After being on location with Kim Jackson (formerly Kim Donald) for almost a year now, I still can’t figure out how she gets those shots. She would probably say it’s all due to her trigger finger’s impeccable timing.

“My right finger surprises me sometimes because it just flexes all on its own, no matter where I am or whether I’m holding a camera or not,” she explains. “I think it’s because when I’m just out and about, my finger still thinks we’re trying to capture every great moment.”

I tell her she’s probably just suffering from the same syndrome that befalls every amazing photographer, a little known reflex onset by repeated use of the index finger called shutter-itis. She laughs shortly and then considers it seriously with a finger on her chin — her right index finger which, for the time being, is tranquilly tapping her lower lip.

“It’s possible,” she says finally.

It’s more than possible, considering how many photographs Kim has been taking for over a decade now, first shooting in the closed studio setting at Kim Jew for five years and then on location with Kyle Zimmerman for the next four and a half, all the while gaining a strong client following as well as photo credits in magazines such as People Magazine, Local IQ, La Cocinita, Alibi, Sage and Home Builders Magazine just to name a few. But as a digital photographic artist with her own business, the amount of people, their families, their children, their weddings and their pets that she has photographed in Albuquerque for the past four years is enough to fill up several external hard drives, which she stacks one on top of the other on a shelf in her office. They look like small toy building blocks to a future dollhouse, and it’s hard to imagine that some of the best portraits in Albuquerque are housed in there.

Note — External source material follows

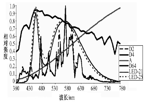 圖3 白熾燈(A)、HID (D2 /D4)、白色LED 及日光光譜(D65)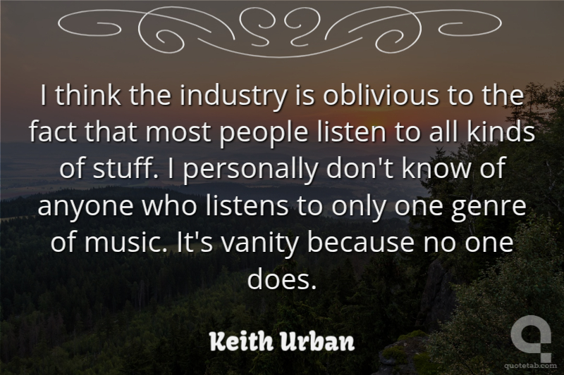 I think the industry is oblivious to the fact that most people listen to all kinds of stuff. I personally don't know of anyone who listens to only one genre of music. It's vanity because no one does.

What sets Kim’s photos apart from the rest is her ability to turn her clients — from local fashion designers like Cassandra Montoya of Sangie Designs to prominent business owners such as Patti Hoech of Patrician Designs and diamond guru J. Edwards and onto a whole host of newlyweds and newborns — into real photographic subject matter. With Kim behind the lens, her clients are guaranteed to be photographed by an artist who represents them as, well, art. As an exclusive on-location photographer, Kim has perfected her ability to arrive anywhere at any time of day or night and use each setting for all it’s worth, allowing the unique compositional elements of light and structure to come forth, set the mood and cradle her subjects in striking moments of time and place. As her assistant on some of these shoots, I’ve seen the insides of enough business suites, hotels, parks, coffee shops and homes to understand the full range of settings that she has to work with. And let’s face it, most office cubicles are not the most glamorous settings, but when Kim turns over her proofs, it’s hard to believe the photos weren’t done in a professional studio.

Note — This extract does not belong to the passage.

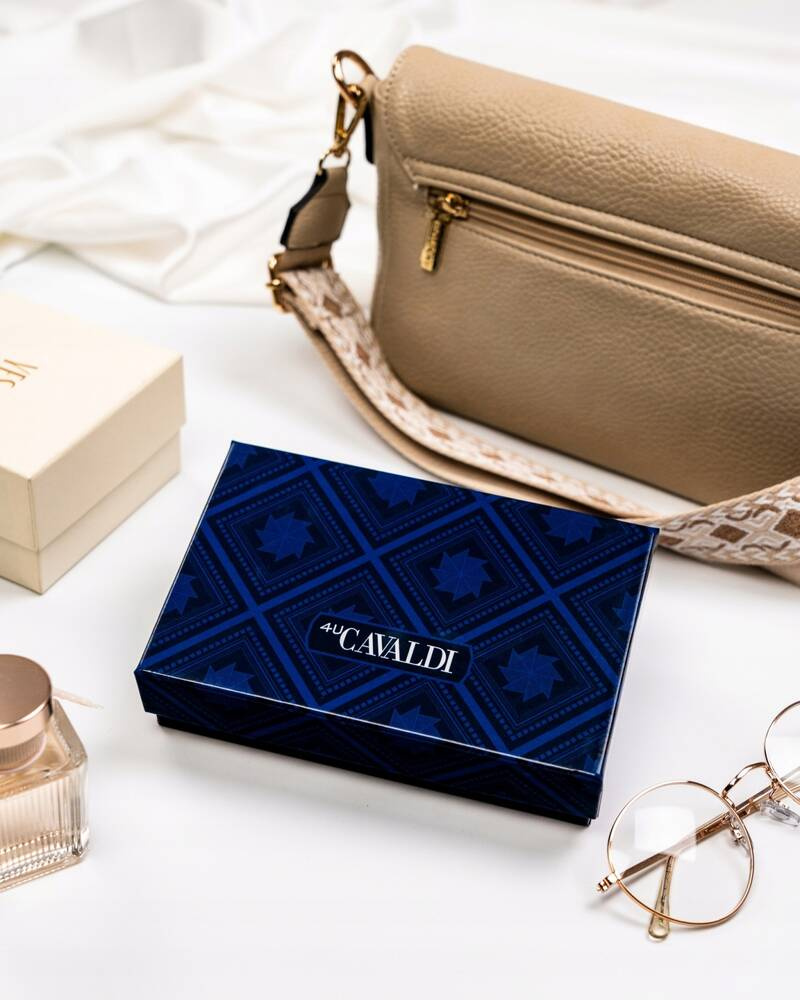 - Pudełko prezentowe, dzięki któremu oszczędzisz czas i pieniądze, jeśli chcesz podarować ten portfel bliskiej osobie.

The times I get really jazzed watching her work are when, just as she’s crouched low and about to take a shot, finger poised on the shutter and the suspense in front of her camera built up thick enough to fog her lens, she tells everyone to hold on, she does in fact need to change her lens. She works with a total of five — in size and shape they are, at most, unassuming. But she uses them in the same way that a potter might masterfully make a choice between two miniscule trimming tools that to the untrained eye are basically indistinguishable. To Kim and her clients, they make the biggest difference in the world. In the end, it could be said that her success is due to an abundance of overflowing natural talent and dedication. But she would most likely say it’s all due to her clients, with whom she has developed not only lasting artistic and business relationships but friendships as well. She envisions her business growing while she maintains her stance as the artist behind the lens.

“I will never be a factory,” she assures me repeatedly.